LeetCode Q 200 - Number of Islands
Given a 2d grid map of ‘1’s (land) and ‘0’s (water), count the number of islands. An island is surrounded by water and is formed by connecting adjacent lands horizontally or vertically. You may assume all four edges of the grid are all surrounded by water.
Example 1:
Input:
11110
11010
11000
00000
Output: 1
Example 2:
Input:
11000
11000
00100
00011
Output: 3
Solution
Solution 1 : DFS
We don’t need another boolean[][] visited, since we can set the visited element grid[r][c] = '0' to avoid re-visit.
Time complexity : R C nodes, O(R C)
Code:
private static final int[] DIRS = new int[]{1, 0, -1, 0, 1};
public int numIslands (char[][] grid) {
if (grid == null || grid.length == 0 || grid[0].length == 0) return 0;
int count = 0;
for (int i = 0; i < grid.length; i++) {
for (int j = 0; j < grid[i].length; j++) {
if (grid[i][j] == '1') {
dfs(grid, i, j);
count++;
}
}
}
return count;
}
private void dfs (char[][] grid, int r, int c) {
if (r < 0 || c < 0 || r == grid.length || c == grid[0].length || grid[r][c] != '1')
return;
grid[r][c] = '0';
for (int i = 0; i < 4; i++)
dfs(grid, r + DIRS[i], c + DIRS[i + 1]);
return;
}Solution 2 : BFS
Code:
private static final int[] DIRS = new int[]{1, 0, -1, 0, 1};
public int numIslands (char[][] grid) {
if (grid == null || grid.length == 0 || grid[0].length == 0) return 0;
int R = grid.length, C= grid[0].length;
int count = 0;
for (int r = 0; r < R; r++) {
for (int c = 0; c < C; c++) {
if (grid[r][c] == '1') {
Queue<int[]> que = new LinkedList<>();
que.offer(new int[]{r, c});
while (!que.isEmpty()) {
int[] curr = que.poll();
grid[curr[0]][curr[1]] = '0';
for (int i = 0; i < 4; i++) {
int nr = curr[0] + DIRS[i];
int nc = curr[1] + DIRS[i + 1];
if (nr >= 0 && nc >= 0 && nr < R && nc < C && grid[nr][nc] == '1')

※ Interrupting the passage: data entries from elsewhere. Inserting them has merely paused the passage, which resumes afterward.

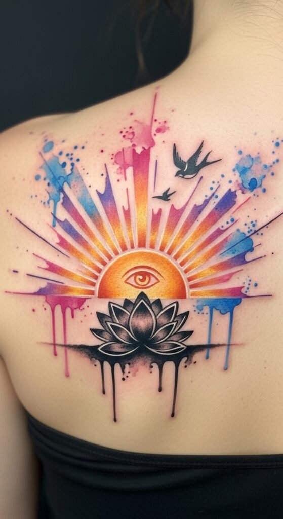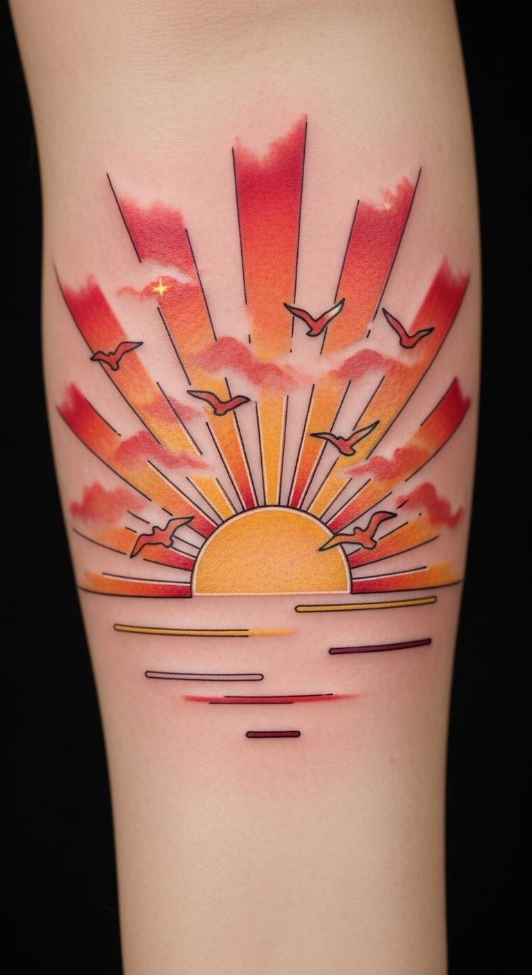 With their vibrant hues, these tattoos inspire you to chase dreams and transform, reminding you that every day offers a fresh canvas to paint your journey. This design emphasizes the emotional uplift of emergence and possibility—warm colors for optimism, birds for freedom, and geometric lines for personal structure—making it suitable for visible, motivating placements like the forearm or more intimate sites like the ribcage or upper back depending on whether you want daily reminder or private reflection.
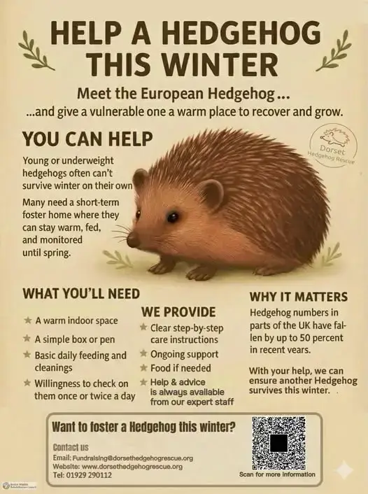 Can you help? Do you live within 15 miles of the rescue centre and are able to give a hedgehog a safe and warm home for the winter?? If so please register your details https://dorsethedgehogrescue.org/foster-care-form/
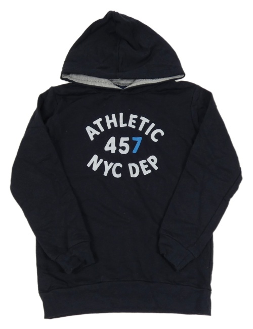 Tmavomodrá mikina s nápisom s číslom a kapucňou
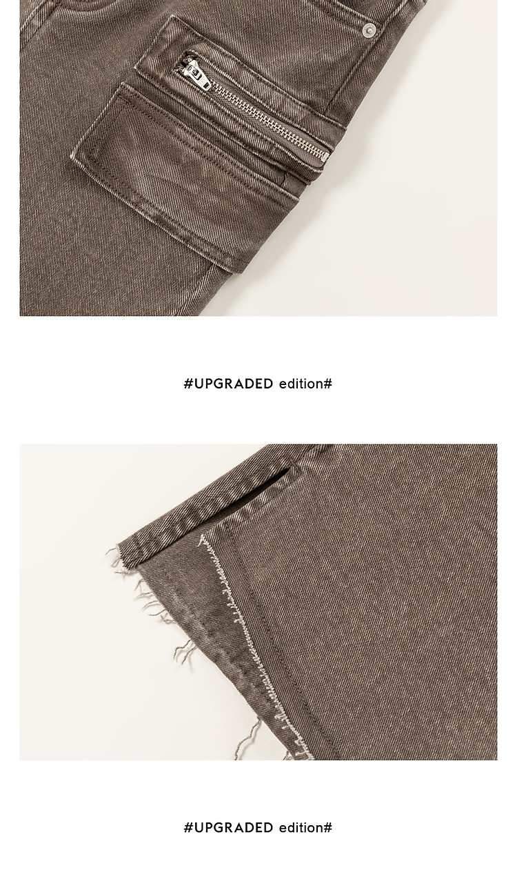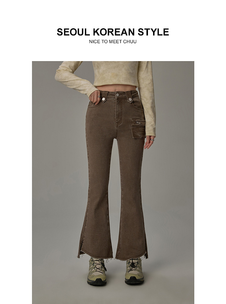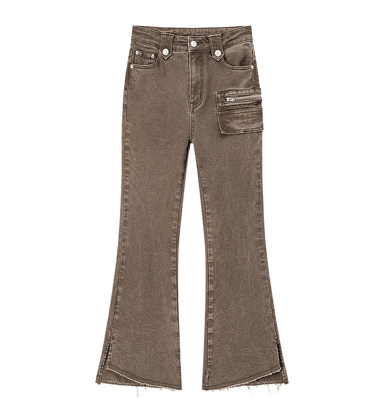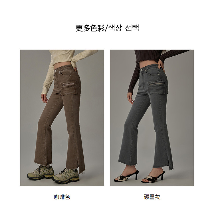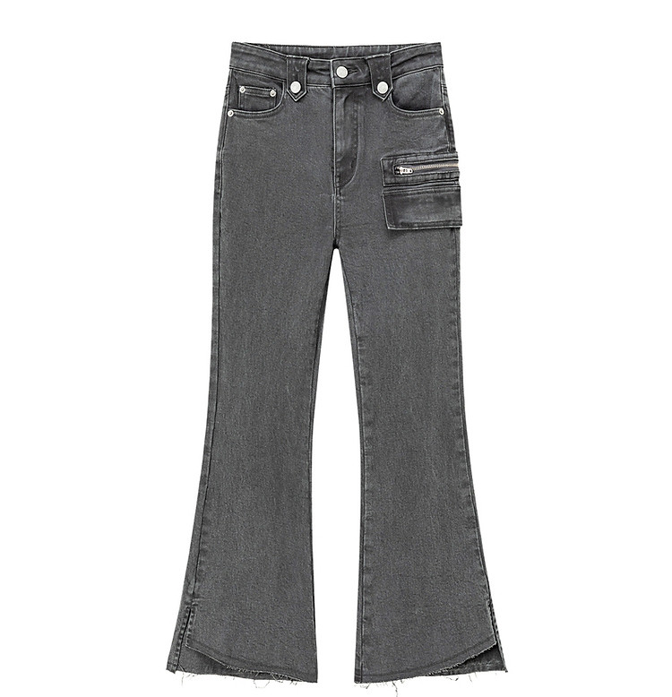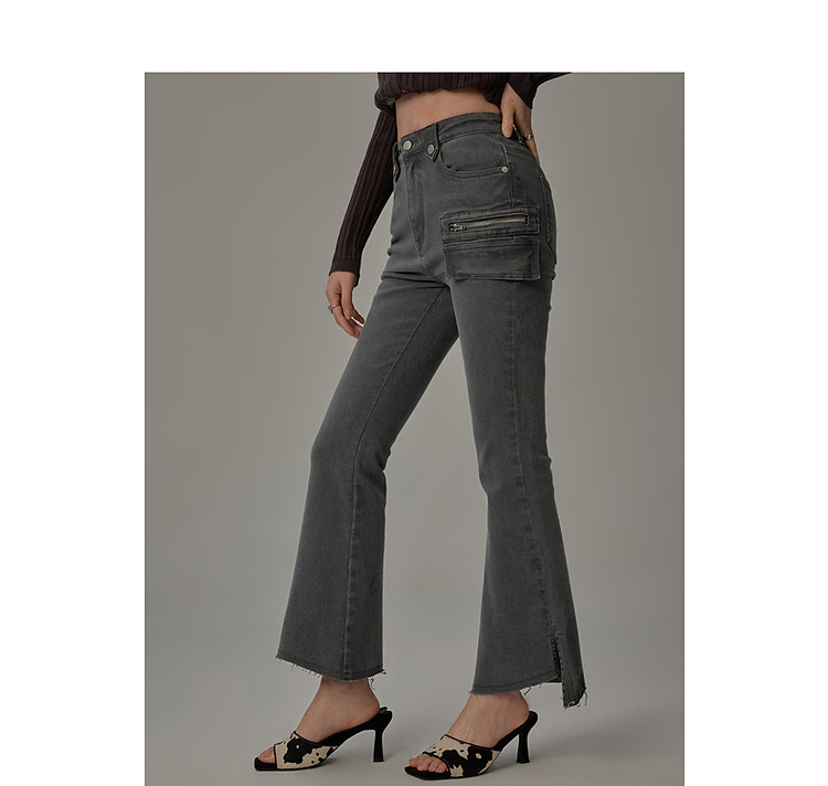商品名称:开叉微喇牛仔裤女2025夏毛边不对称口袋修身九分裤子 515923
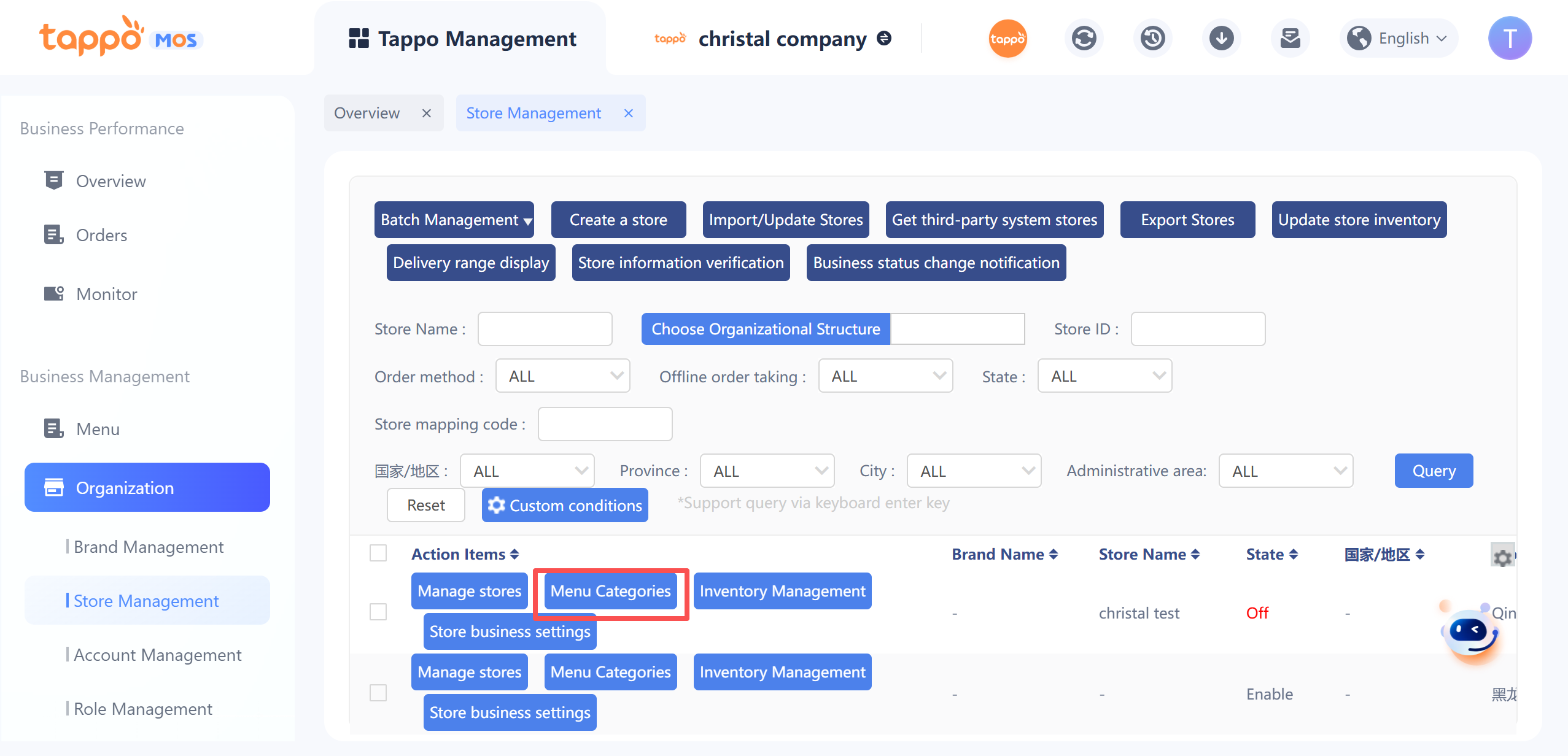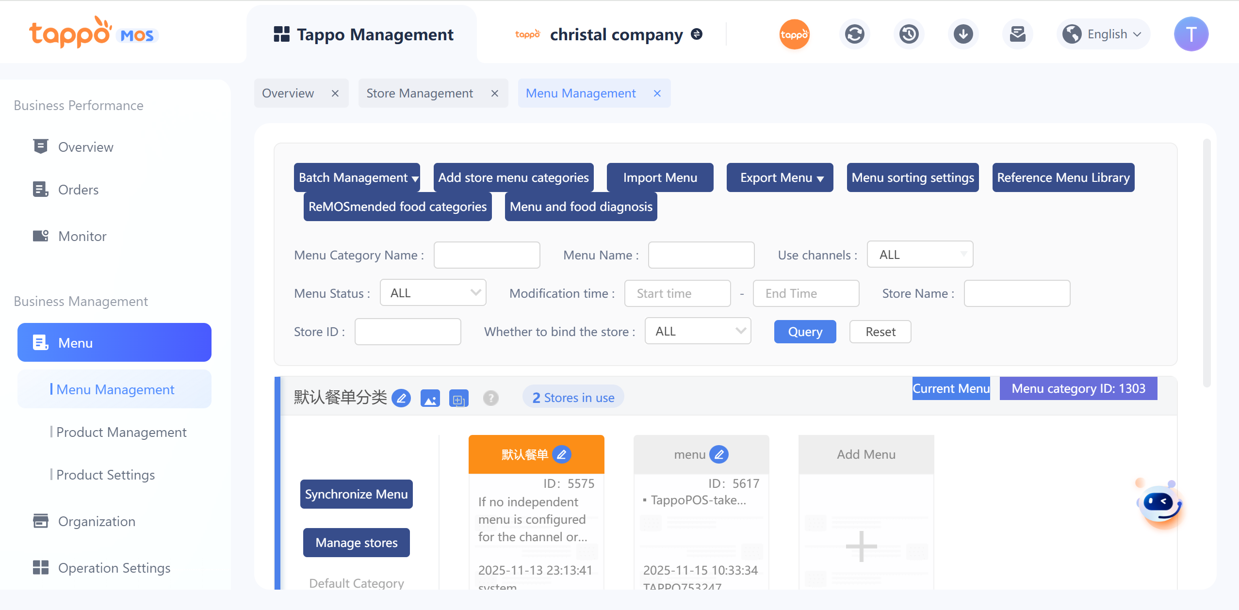 On the store list page, click the [Menu Category] button of the store to open the menu list. The first selected item is the menu category to which the store belongs, as shown in the figure below.
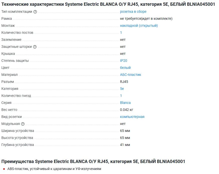 Розетка Systeme Electric(ранееSchneider Electric) BLANCA (белый, открытой установки) компьютерная RJ45 категория 5е с изолирующей пластиной.
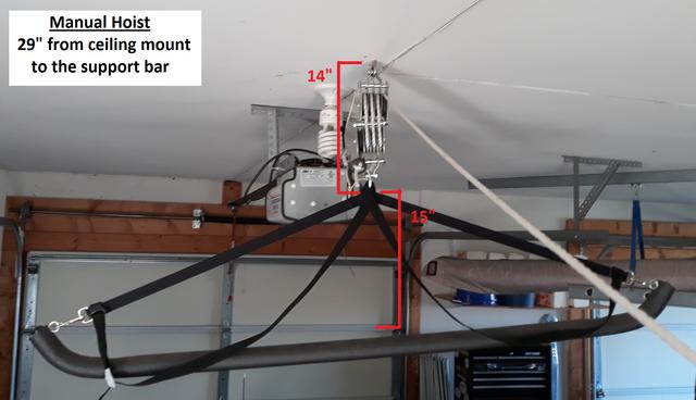 A: Ideally, your garage ceiling should be between 8 and 12 feet for the manual hoist and between 8 and 20 feet for the electric hoist. Any lower and you'll have to pull your car forward to raise your soft-top after hardtop removal. Garage ceilings under 7' 4" won't be compatible with our system. In the case of the electric hoist, 12 feet or higher will require the wireless controller since the standard motor doesn't come with a long enough cord.
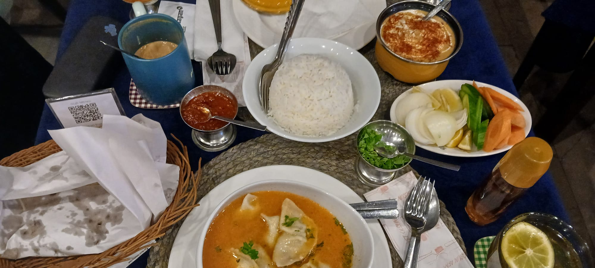 We'd promised ourselves dinner at the local Himalayan. This proved not to be the budget-friendly option we'd expected. Ordering only momos soup and dahl, preceded by freeby clear broth, the tastiest ever, followed by freeby sweet assortment, we still paid €56. Can't even blame the drinks, although the masala tea in the blue vessel and my mint-packed lemon-garnished beverage were a little overpriced; then, what price our Tibetan memories of İstanbul?
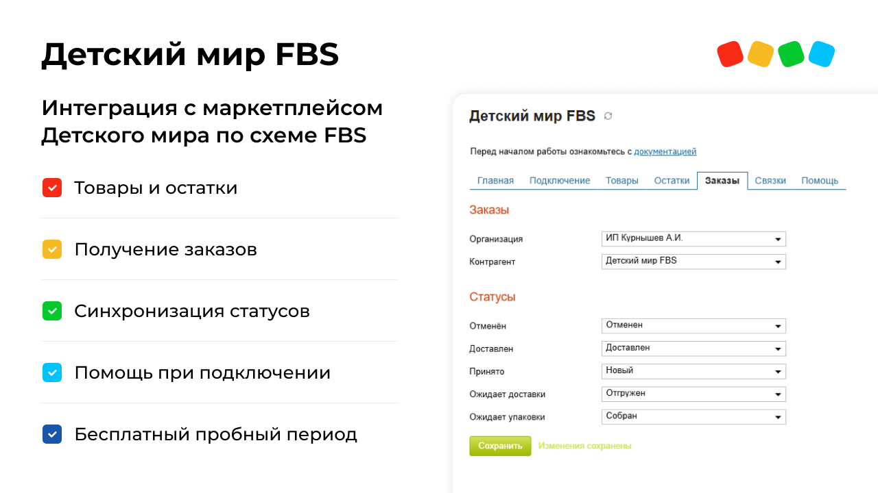 Маркетплейс Детского мира — МойСклад — FBS. Товары, остатки, заказы, статусы. Загружаем новые заказы из Детского мира, выгружаем остатки из МоегоСклада. Автоматически передаем статусы заказов из Детского мира в МойСклад.

que.offer(new int[]{nr, nc});
}
}
count++;
}
}
}
return count;
}Solution 3 : Disjoint Set
Code:
class UnionFindSet {
int[] parent;
int count;
public UnionFindSet (int size) {
this.parent = new int[size];
for (int i = 0; i < size; i++)
this.parent[i] = i;
}
public int find (int x) {
if (parent[x] != x)
parent[x] = find(parent[x]);
return parent[x];
}
public void union (int x, int y) {
int px = find(x), py = find(y);
if (px != py) {
parent[px] = py;
count--;
}
}
}
private static final int[] DIRS = new int[]{1, 0, -1, 0, 1};
public int numIslands(char[][] grid) {
if (grid == null || grid.length == 0 || grid[0].length == 0) return 0;
int R = grid.length, C= grid[0].length;
UnionFindSet ufs = new UnionFindSet(R * C);
int total = 0;
for (int r = 0; r < R; r++) {
for (int c = 0; c < C; c++) {
if (grid[r][c] == '1') total++;
}
}
ufs.count = total;
for (int r = 0; r < R; r++) {
for (int c = 0; c < C; c++) {
if (grid[r][c] == '1') {
for (int i = 0; i < 4; i++) {
int nr = r + DIRS[i], nc = c + DIRS[i + 1];
if (nr < 0 || nc < 0 || nr == R || nc == C || grid[nr][nc] != '1') continue;
ufs.union(r * C + c, nr * C + nc);
}
}
}
}
return ufs.count;
}